The Mars Society often refers to colonies on Mars as the next stage in the history of "colonization," and cautions against repeating the errors committed on Earth. 


  • According to the Oregon Chapter of the Mars Society, "there will most likely be a few clusters of tiny villages when the first colonies are put up." They should widen out as time goes by. 
  • The more dispersed the townships are, the more likely they are to establish their own culture.
  • Townships will first be reliant on one another for common resources such as food, water, fuel, and air.
  • People should be encouraged to establish more isolated settlements after a more solid infrastructure has been established on Mars. 
  • The law is an essential factor to consider in every region where colonization or expansion has happened. 
  • On Mars, some kind of law will be required. When we consider the system that was utilized in the old west, we can see that whomever is in charge of enforcing the law may have trouble doing so. 
  • The sheriffs' on Mars must be trustworthy persons who have the support of the majority of the population. 
  • They should not be chosen by the present crop of politically motivated citizens; this would only promote corruption. Instead, some kind of volunteer lottery system should be permitted. 
  • In terms of the legislation itself, it should be enacted to protect everyone's fundamental rights, from speech to privacy. 


While these fanatics are already preoccupied with creating law and order on Mars, this humble writer is just concerned with safely getting there and back. 

Rycroft offered a different point of view (2006). “The overall aim of space exploration for the twenty-first century should be to bring people to Mars, with the primary purpose of having them stay there,” he said. 

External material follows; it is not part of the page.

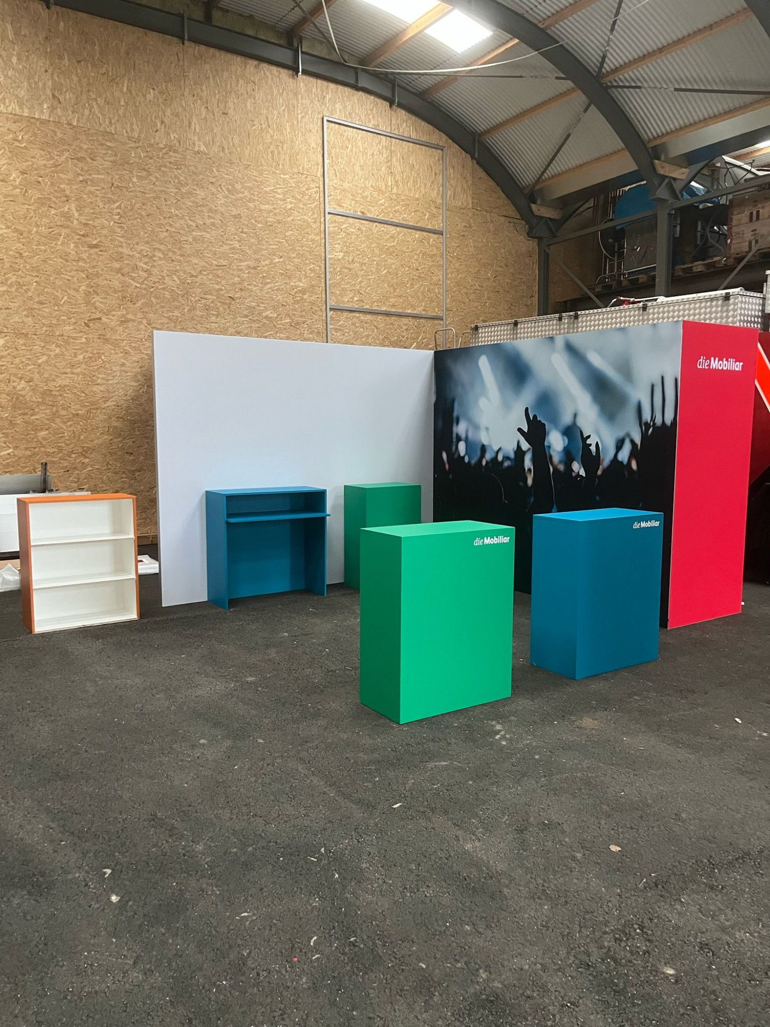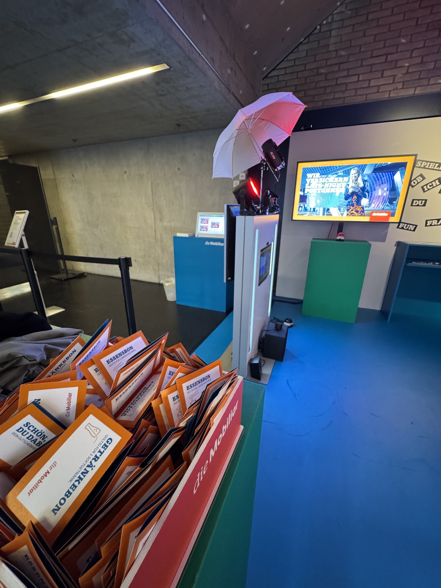 Für das Mobiliar-Projekt konnte unser Krea-, Game-Design- und Bau-Team aus dem Vollen schöpfen. Das Standdesign wurde speziell auf die herausfordernden Gegebenheiten im Hallenstadion Zürich zugeschnitten – akribisch im CAD geplant und mit passgenauen Modulen umgesetzt. Auch das Mobiliar stammt aus unserer hauseigenen Werkstatt: individuell gefertigt, hochwertig verarbeitet und farblich exakt auf die frischen Jugendfarben der Mobiliar abgestimmt.

The aim was to give humanity with “a second base in the Solar System... since the Earth may no longer be livable at some time in the future.” Rycroft pointed out that this might happen as a result of a catastrophic event on Earth. 


Civilization may self-destruct, or the Earth may be rendered uninhabitable by a massive natural disaster. 

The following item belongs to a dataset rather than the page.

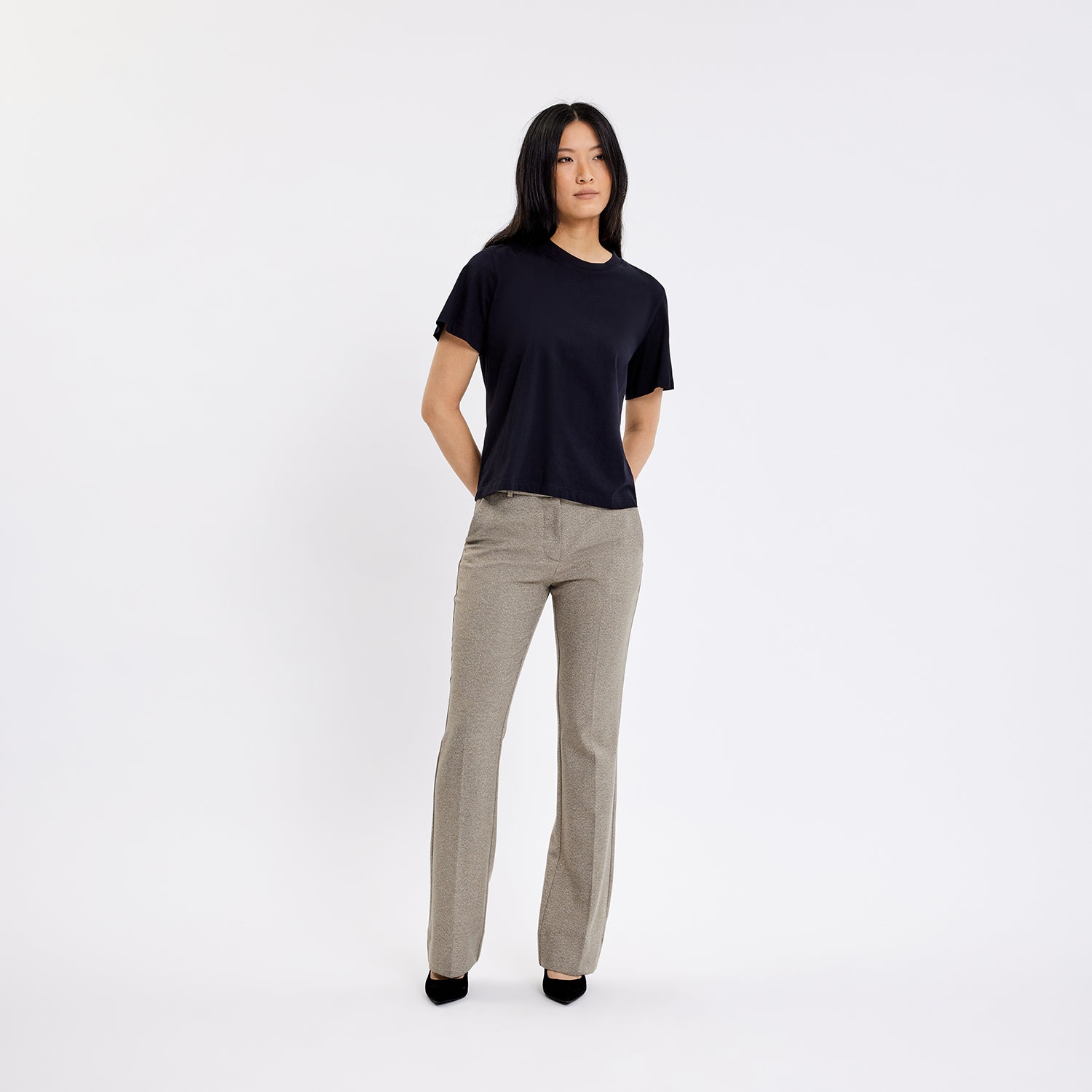 ClaraFV 838 are flared-fit trousers crafted from soft twill-weave fabric. Being mid-waisted, we shaped them to rest on your hips, accentuate your hips and thighs, and flare from your knees down. Creases, outstanding legs and a highly versatile silhouette you can style in more than one way underline their exquisite look. Designed in Copenhagen and made by specialists in Turkey.

Overpopulation, global terrorism, nuclear war or accident, cyber technology war or accident, biological war or accident, emergence of a super-virus, asteroid collision, geophysical events (e.g., earthquakes, tsunamis, floods, volcanoes, hurricanes), resource depletion (e.g., oil, natural gas reserves), climate change, global warming and sea level rise, stratospheric ozone depletion, stratospheric ozone depletion.

 “The chances are no better than 50–50 that our current civilisation on Earth will survive to the end of the century,” he added, quoting M. Rees. 

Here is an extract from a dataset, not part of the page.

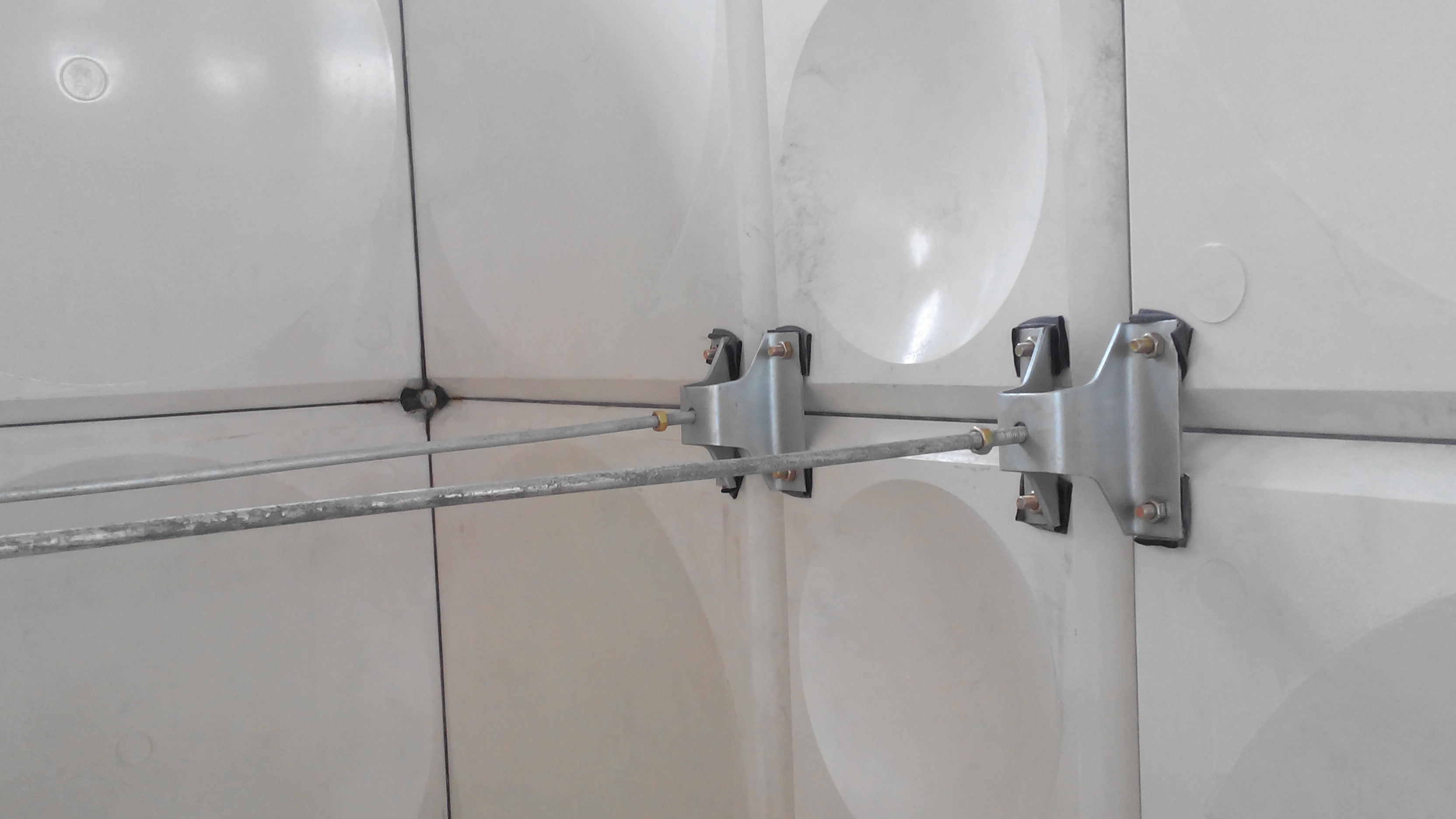 3、固定側板:將經檢測合格的玻璃鋼水箱壓制板按照順序點焊在水箱底板上,每張板在固定以后,均應用水平尺和線墜檢測垂直度,無誤后再點焊下一張, 直至所有側板點焊完成。

The most urgent problems include overpopulation, pollution, global warming, resource depletion, and the global spread of Islamic terrorism, which may lead to a third World War between the West and Islam. 

While Rycroft highlighted the gravity of these dangers, his proposed approach of "colonization of Mars by the end of the twenty-first century" will exacerbate rather than alleviate humanity's difficulties. 


How will we manage to populate the Earth and live in peace if we can't do it on Mars, which has an immensely harsher climate? 

A number of new projects aiming towards human exploration of Mars have emerged in the eight years after the original version of this book was published. 

Exploremars.org has been an outspoken proponent of sending people to Mars. 

Their strategy seems to be to organize gatherings and have prominent individuals give remarks. Mars One will create a permanent human colony on Mars, according to Mars One. 

Starting in 2024, four-person crews will leave every two years. 

In 2018, we will launch our first unmanned mission. Participate in our journey to Mars by joining the Global Mars One Community.


According to a 2014 news report10, "Sending people to Mars by the 2030s is cheap," but "several critical adjustments are required if it is to materialize." 


  • A workshop group of more than 60 people from more than 30 government, industrial, academic, and other institutions discovered that if NASA's budget is restored to pre-sequestration levels, a human trip to Mars lead by NASA is possible. 
  • A human arrival on Mars is still approximately 20 years away, according to a more recent news report11, but NASA's journey to the Red Planet seems to be gradually moving ahead. 
  • NASA's top human exploration official told a Senate panel that major components of the deep-space rocket, capsule, and infrastructure required to reach Mars are on track for a landing in the 2030s. 
  • NASA is developing the technologies required to transport people to an asteroid by 2025 and to Mars in the 2030s, according to a NASA website. 
  • NASA Administrator Charles Bolden and colleagues from throughout the agency presented NASA's Human Path to Mars during an Exploration Forum at NASA Headquarters in Washington on April 29, 2014. 


The Mars Society continues to push for human trips to the Red Planet. 


Human arrival on Mars is just a decade or two away, according to dozens, if not hundreds, of websites. Some groups, on the other hand, have determined that all of the above are untrue. 

The National Research Council (NRC) determined that NASA's human spaceflight program had an unsustainable and dangerous approach that will prohibit the United States from landing a person on Mars in the near future. 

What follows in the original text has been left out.